YOUR SOLIN GENERATED RECIPE
Grilled Vegetable Sandwich with Tempeh & Cheese
Enjoy a robust and satisfying Grilled Vegetable Sandwich featuring marinated tempeh, a melty slice of reduced-fat cheese, and a vibrant medley of grilled red bell pepper, zucchini, red onion, and fresh spinach, all layered between hearty whole grain bread.
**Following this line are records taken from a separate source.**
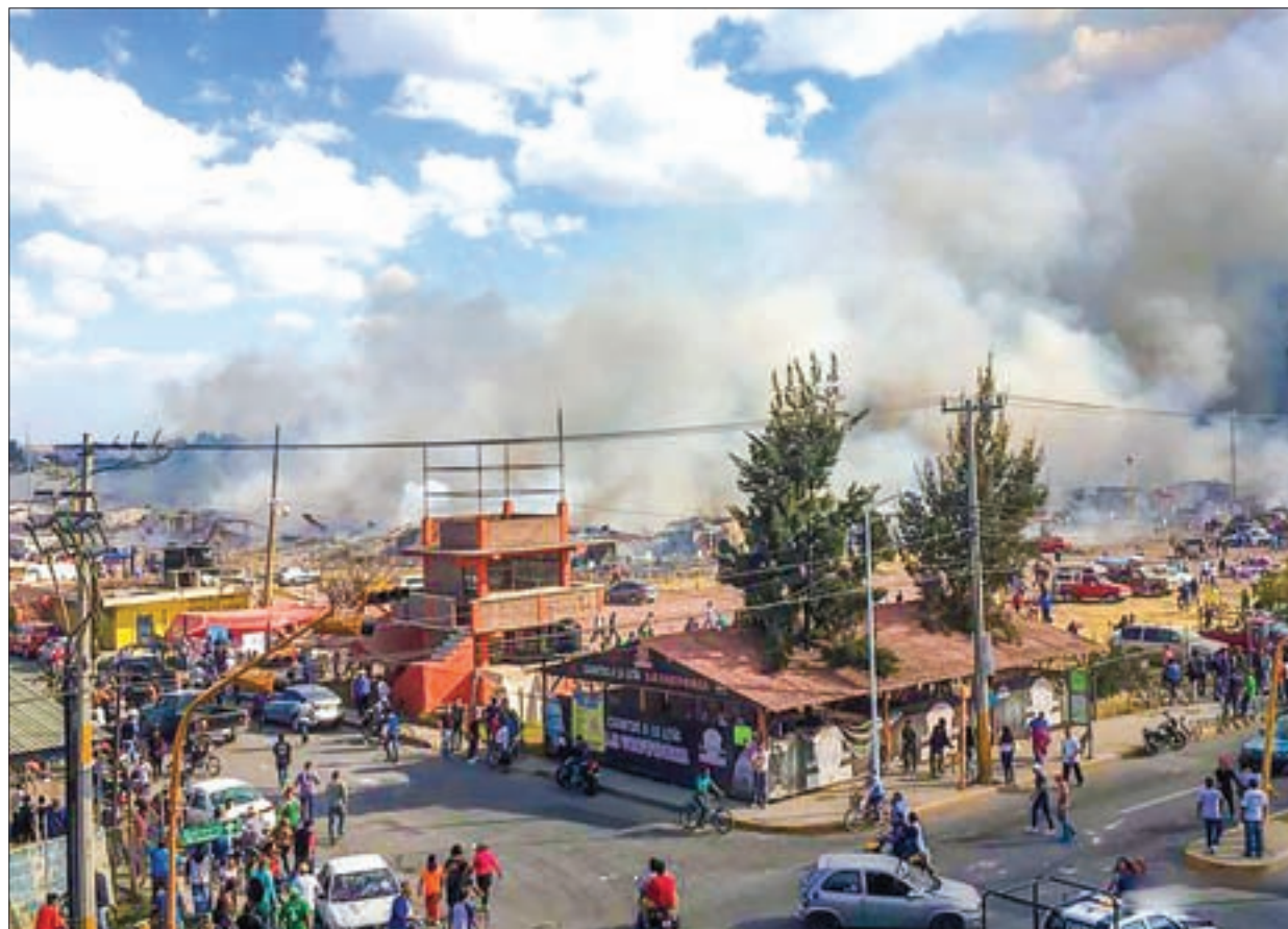
Photo taken by a mobile device on 20 December, 2016 shows the site of a blast at the San Pablito fireworks market in Tultepec, Mexico.

"Everything was destroyed, it was very ugly and many bodies were thrown all over the place, including a lot of children. It's the worst thing I've ever seen in my life," said 24-year-old housewife An-
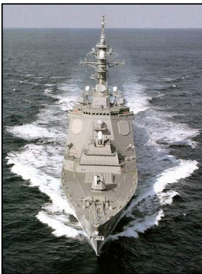
Japan's Atago Class Cruiser
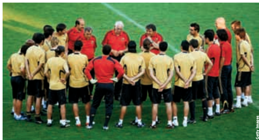
Spain's Luis Aragonés prepares his squad during EURO 2008.

The training process is largely hidden from the public gaze, but the results are there for all to see when the matches are played. The quality of football at EURO 2008 was ample proof that the technical teams did a great job in preparing their national squads for competitive action.
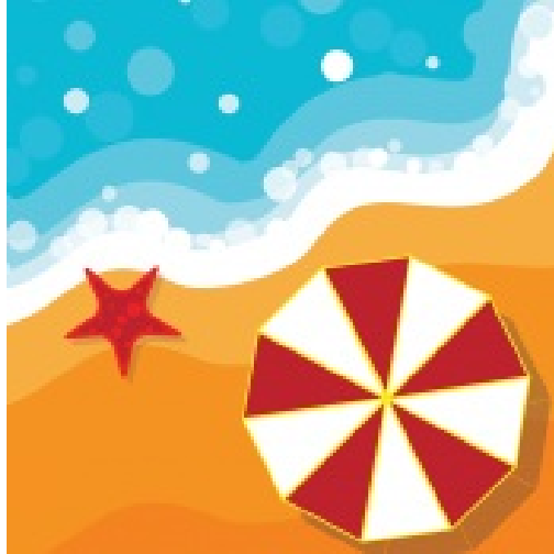
Reach the Beach Icon
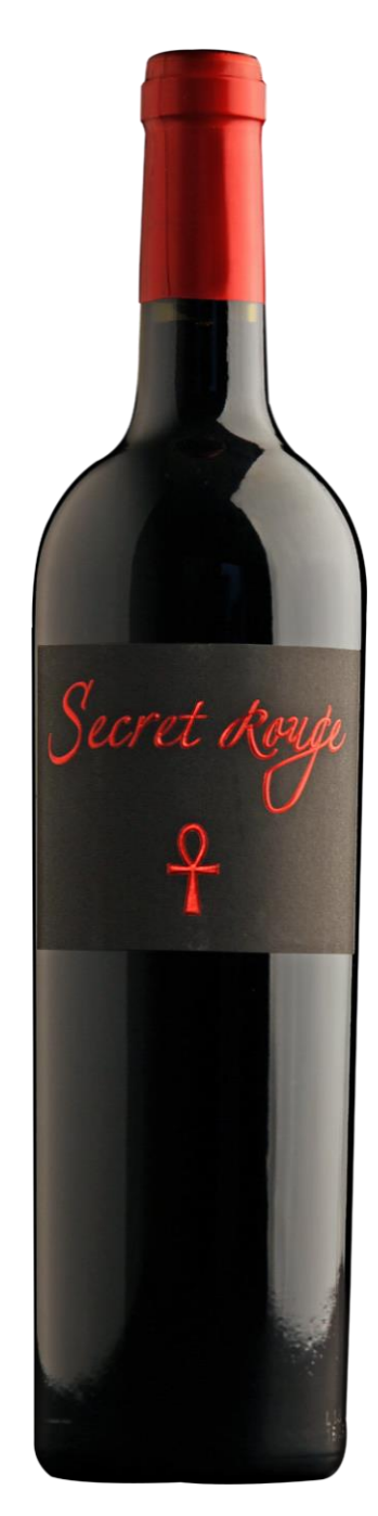
Non contractual picture

This balanced meal offers a delightful mix of textures and flavors, making it perfect for breakfast, lunch, or dinner.
INGREDIENTS
100 grams Tempeh
2 slices Whole Grain Bread
1 medium Red Bell Pepper
1 medium Zucchini
1/4 medium Red Onion
1 cup Fresh Spinach
1/2 tablespoon Olive Oil
1 ounce Reduced-Fat Cheddar Cheese
PREPARATION
Press the tempeh to remove excess moisture, then slice into thin pieces.
In a small bowl, drizzle the tempeh with olive oil, adding a pinch of salt and pepper. Allow it to marinate while preparing the vegetables.
Slice the red bell pepper, zucchini, and red onion into thin strips.
Preheat a grill pan or outdoor grill over medium-high heat. Lightly brush the vegetables with a bit of olive oil and grill them until they are tender and have nice char marks, about 3-4 minutes per side.
Meanwhile, grill the marinated tempeh slices for about 3 minutes per side until grill marks appear and they are heated through.
Lightly toast the whole grain bread slices. Place the grilled tempeh on one slice of bread, then layer the grilled vegetables on top.
Add a handful of fresh spinach and place the reduced-fat cheddar cheese over the vegetables.
Top with the second slice of toasted bread, slice the sandwich in half, and enjoy while warm.